TASK DIRECTIONS ->
Print only the lines below, from the very first to the one containing "7、銀行卡驗(yàn)證(銀", exactly as they stand. Do not print pictures.

SUPPLIED INFORMATION ->
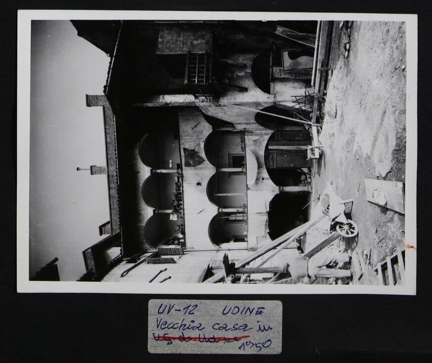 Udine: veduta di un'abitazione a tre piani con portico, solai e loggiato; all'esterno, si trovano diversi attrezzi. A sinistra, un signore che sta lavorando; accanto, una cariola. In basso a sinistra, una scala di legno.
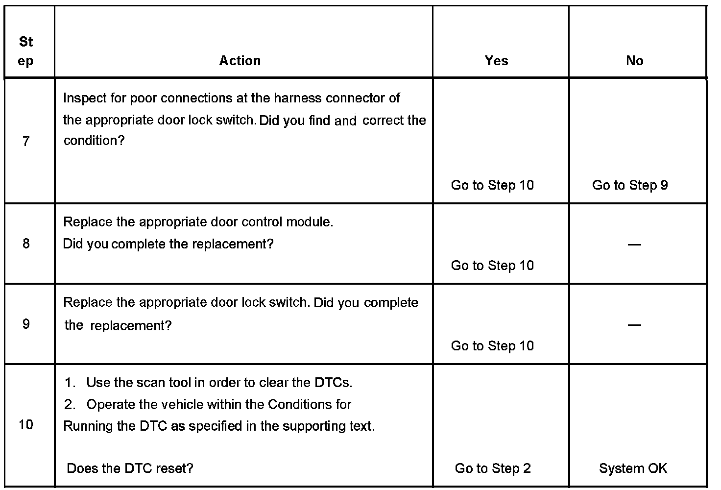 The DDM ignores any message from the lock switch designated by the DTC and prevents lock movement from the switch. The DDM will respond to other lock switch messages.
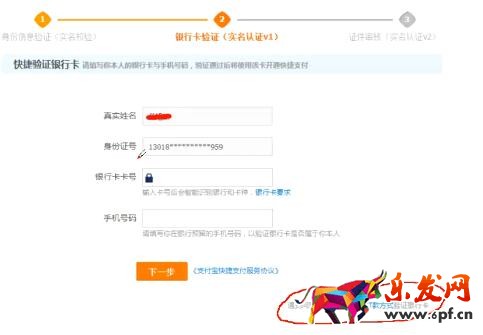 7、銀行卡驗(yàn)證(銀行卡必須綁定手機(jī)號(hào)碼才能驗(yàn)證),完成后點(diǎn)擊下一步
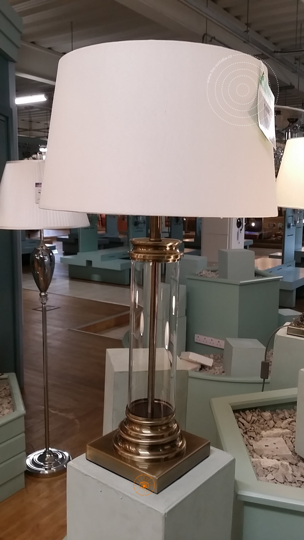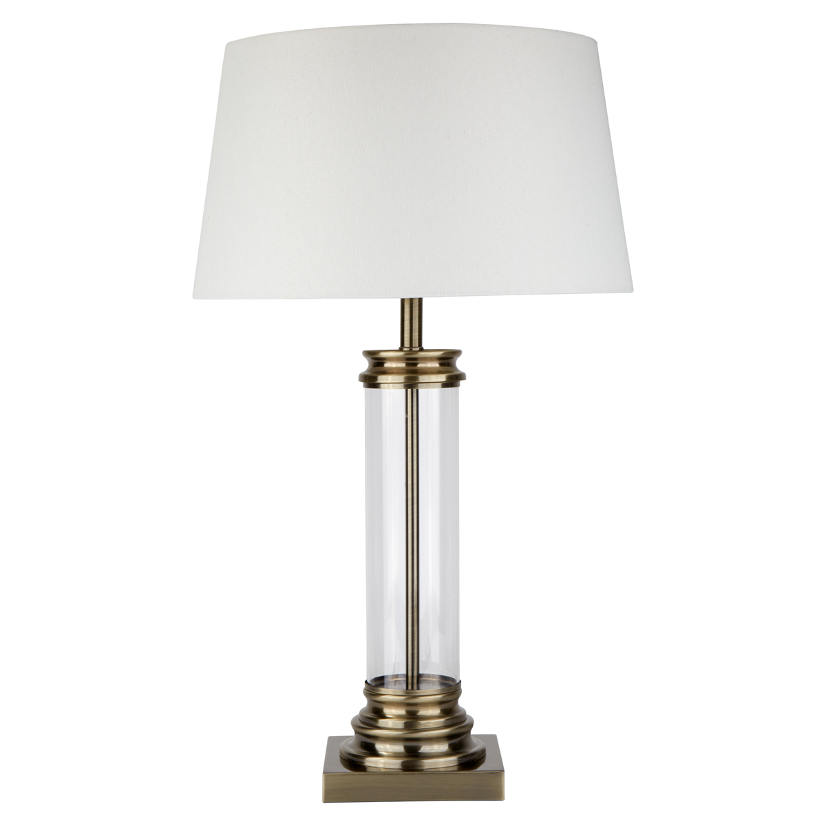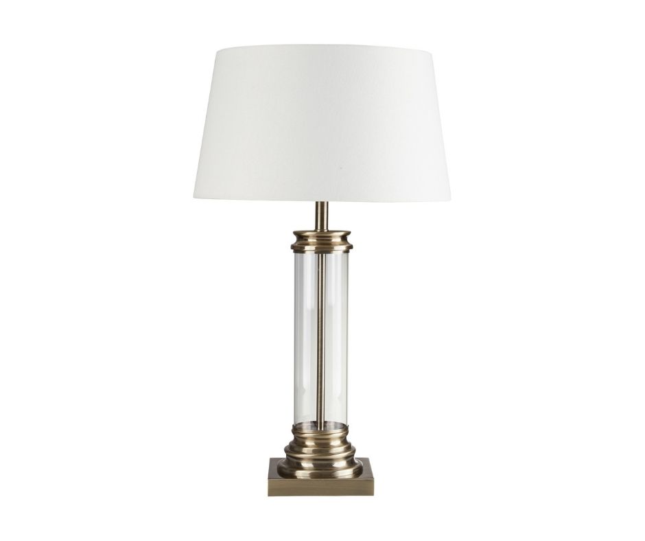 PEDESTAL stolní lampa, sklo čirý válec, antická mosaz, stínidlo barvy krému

ANSWER SPACE ->
 Udine: veduta di un'abitazione a tre piani con portico, solai e loggiato; all'esterno, si trovano diversi attrezzi. A sinistra, un signore che sta lavorando; accanto, una cariola. In basso a sinistra, una scala di legno.
 The DDM ignores any message from the lock switch designated by the DTC and prevents lock movement from the switch. The DDM will respond to other lock switch messages.
 7、銀行卡驗(yàn)證(銀行卡必須綁定手機(jī)號(hào)碼才能驗(yàn)證),完成后點(diǎn)擊下一步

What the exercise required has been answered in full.